There are a few points of note about this Stan model worth highlighting here.

4.2.1 Local functions

To avoid having near-duplicate versions of the Stan model, we define local functions to calculate both the Weibull and Log-logistic functions. In general, Weibull models are said to produce fits with heavier losses, as fact we shall test.

4.2.2 Loss Ratios and Ensuring Positivity

To ensure positivity on the loss ratios, we use the lognormal distribution for the LR variables. We also use them for the standard deviations, but we may alter this approach and try half-Cauchy distributions as an alternative.

4.2.3 Prior for `mu_LR`

Because we use lognormals for the underlying losses, we want the prior for the mean of the distribution to take both positive and negative values, and thus use a normal distribution for \(\mu_{\text{LR}}\), with mean 0 and std dev 0.5.

4.2.4 The `generated quantities` block

We use the generated quantities block to facilitate both posterior predictive checks and to also make loss reserving projections across all the cohorts. The use and analysis of the output of this block is discussed in a later section.

4.3 Fitting the Stan Model

We now proceed with fitting the stan model and examing the output.

model_sislob_stanmodel <- stan_model(stan_file)

model_sislob_stanfit <- sampling(
    object = model_sislob_stanmodel
   ,data   = standata_lst
   ,iter   = 500
   ,chains = 8
   ,seed   = stan_seed
)

The Stan sample contains no divergent transitions, a good start.

4.4 Sampler Diagnostic Plots

It is always worth checking convergence of the model by checking the \(\hat{R}\) and ensuring it is less than about 1.1

# Plot of convergence statistics
model_sislob_draws       <- extract(model_sislob_stanfit, permuted = FALSE, inc_warmup = TRUE)
model_sislob_monitor_tbl <- as.data.frame(monitor(model_sislob_draws, print = FALSE))
model_sislob_monitor_tbl <- model_sislob_monitor_tbl %>%
    mutate(variable  = rownames(model_sislob_monitor_tbl)
          ,parameter = gsub("\\[.*]", "", variable)
           )

ggplot(model_sislob_monitor_tbl) +
    aes(x = parameter, y = Rhat, color = parameter) +
    geom_jitter(height = 0, width = 0.2, show.legend = FALSE) +
    geom_hline(aes(yintercept = 1), size = 0.5) +
    ylab(expression(hat(italic(R)))) +
    ggtitle("R-hat Plots for Sampler Parameters") +
    theme(axis.text.x = element_text(angle = 90, vjust = 0.5))

The \(\hat{R}\) values for the parameter appear to be in or around 1. A positive sign, but not sufficient for convergence.

We check the size of n_eff for each of the variables:

ggplot(model_sislob_monitor_tbl) +
    aes(x = parameter, y = n_eff, color = parameter) +
    geom_jitter(height = 0, width = 0.1, show.legend = FALSE) +
    expand_limits(y = 0) +
    xlab("Parameter") +
    ylab(paste0("Effective Sample Count (n_eff)")) +
    ggtitle("N_eff Plots for Sampler Parameters") +
    theme(axis.text.x = element_text(angle = 90, vjust = 0.5))

The lowest sample size for the parameters is around 800, about 40% of the/ maximum.

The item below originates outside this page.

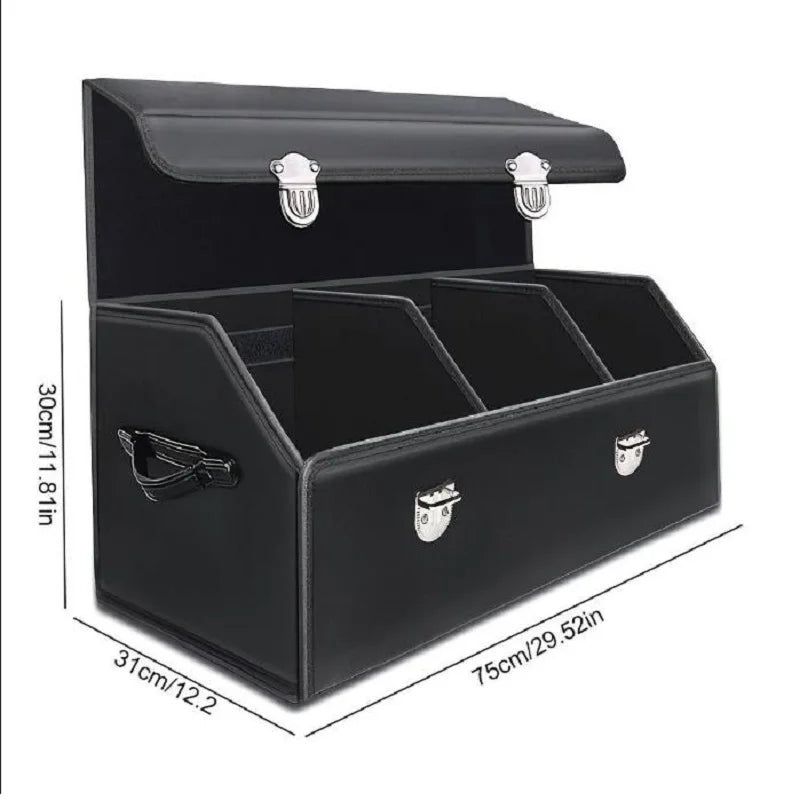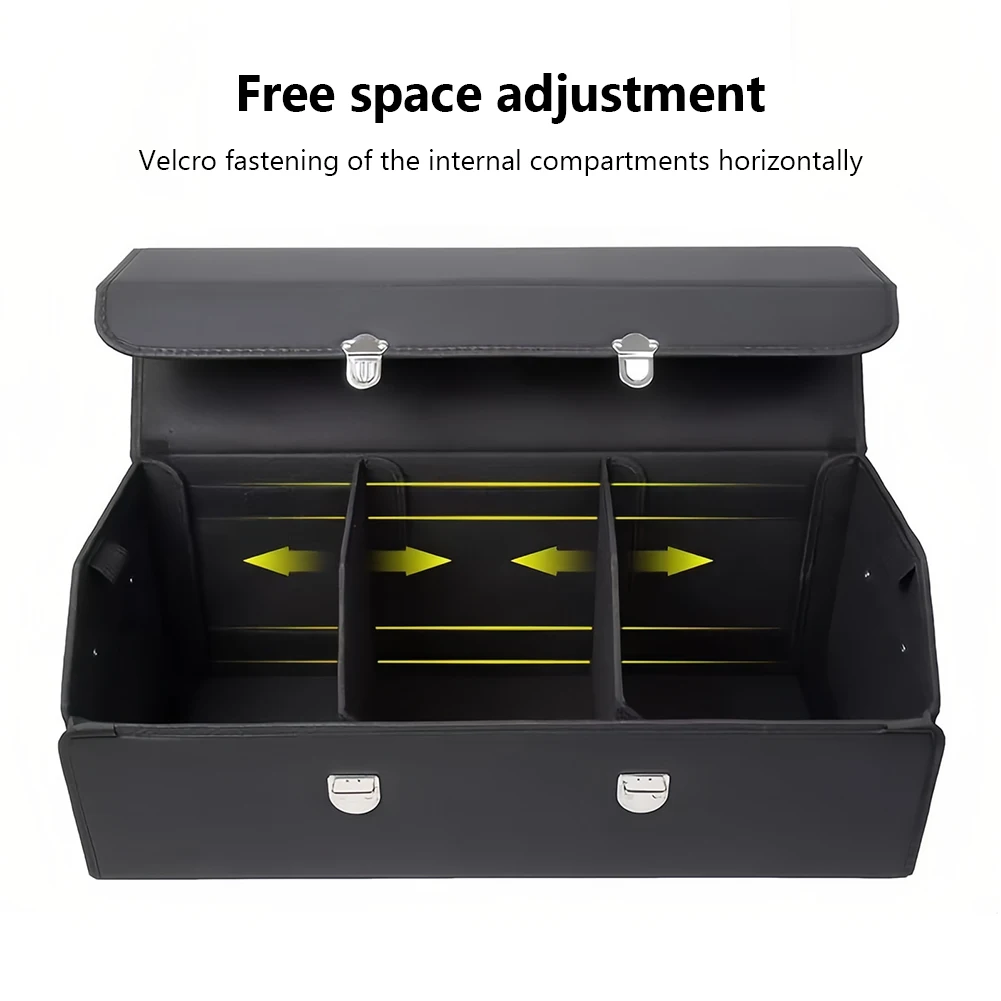 2. Construction: Made with a premium waterproof leather exterior, a sturdy high-density board core, and a suede interior lining, this auto multiues tools storage box features a pyramid structure that withstands heavy loads without collapsing. It is sturdy and odor-free when storing items.

This is reasonable, though the higher is better.

Traceplots for the parameters are a useful diagnostic. The large parameter count makes the plots messy, so we break them up into groups. First we look at omega, theta and LR.

traceplot(model_sislob_stanfit, pars = c("omega", "theta", "LR")) +
    ggtitle("Traceplot of omega, theta and LR") +
    theme(axis.text.x = element_text(angle = 90, vjust = 0.5))

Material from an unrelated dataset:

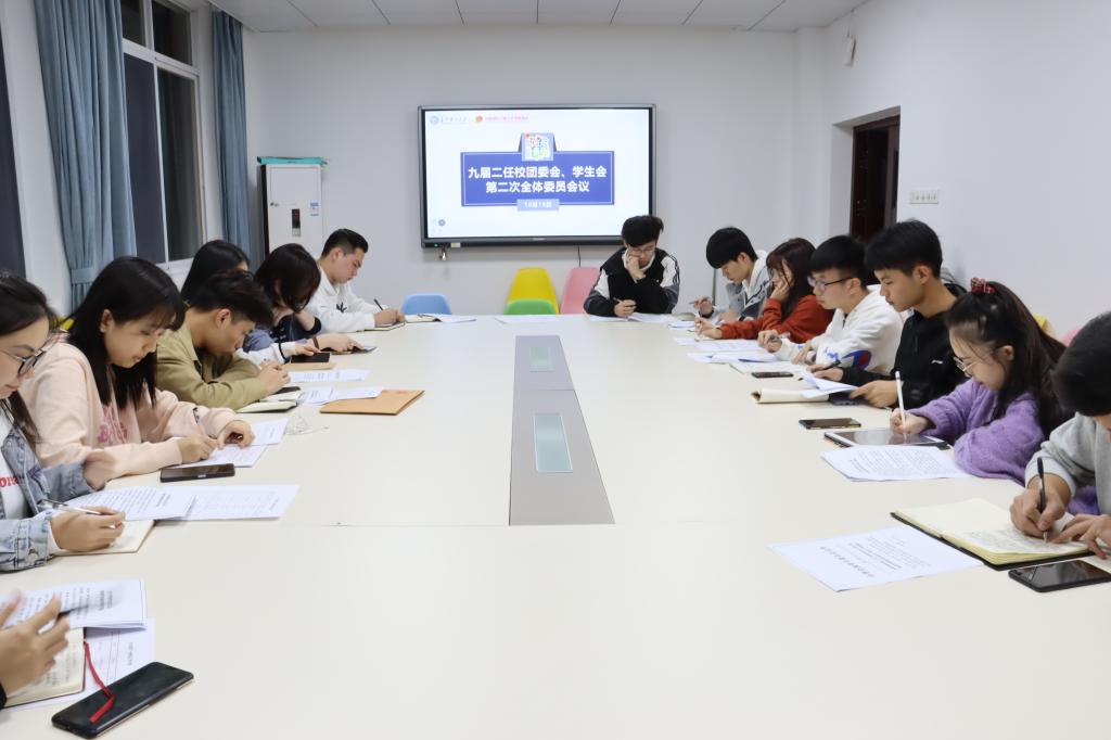 10月19日晚,伟德betvlctor1946源于英国第九届第二任团委会、学生会第二次全体委员会议在云塘校区学生活动中心A301室召开。校团委副书记陈璐莎与第九届第二任校团委会、学生会全体委员参与本次会议。

We have 8 chains, and the plots show signs the chains have mixed well, with no indications of difficult exploration of the posterior.

Now we look at the traces for gf and loss_sd.

traceplot(model_sislob_stanfit, pars = c("gf", "loss_sd")) +
    ggtitle("Traceplot of gf and loss_sd") +
    theme(axis.text.x = element_text(angle = 90, vjust = 0.5))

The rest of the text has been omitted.